La casa era stata costruita, piano piano, agli inizi del ‘900,  unita a quella del fratello di nonno, zio “ Summuniello” ( Simone), sposato con zia Civitella, genitori di zio Costantino e quindi nonni di Giuseppe e Giovanna. I miei nonni, tra l’altro, non vollero privarsi di una grande comodità: il gabinetto. E’ un corpo distaccato dalla casa: una costruzione a forma di parallelepipedo posta alla estremità occidentale della “ curteglia. Una porta di legno ed un chiavistello anch’esso di legno chiudono l’entrata, all’interno questa viene fermata da un gancetto di ferro che si va ad inserire in un occhiello. Entrando, in alto sulla sinistra, una finestrella senza né vetro né sportello. Il sedile è in muratura con un foro al centro che si mette direttamente in comunicazione con una grotta sottostante sempre piena di paglia ( si formava così il letame). Questa, all’epoca della costruzione, era una grande  ” comodità!”, altrove o non vi era niente oppure vi era il “ zi’ peppe” dietro “nu’ pannett’” e non mancava, forse, “ u’ rinale” sotto il letto!.

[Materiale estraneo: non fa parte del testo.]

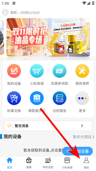 1、在我的小松的首頁,點(diǎn)擊底部我的按鈕,進(jìn)入個人功能頁面。

Sul tavolo degli adulti non può non mancare un bel bottiglione di vino per lo più rosso su cui ampiamente si discute. Le donne preferirebbero un vino più dolce ed abboccato, gli uomini quello più asciutto e “ corposo”. Zio Costantino, invece, lo preferisce piuttosto acidulo e pertanto porta una bottiglia della sua produzione asserendo che quello sia il “ vero” vino.
Terminato il lauto pranzo, ognuno si accinge a far ritorno alle proprie case dopo un po’ di giorni di vacanza!. Mamma mi fa indossare gli abiti con cui sono uscito di casa, perché  “Amma’ i’ abbasc’ u’ puort’”.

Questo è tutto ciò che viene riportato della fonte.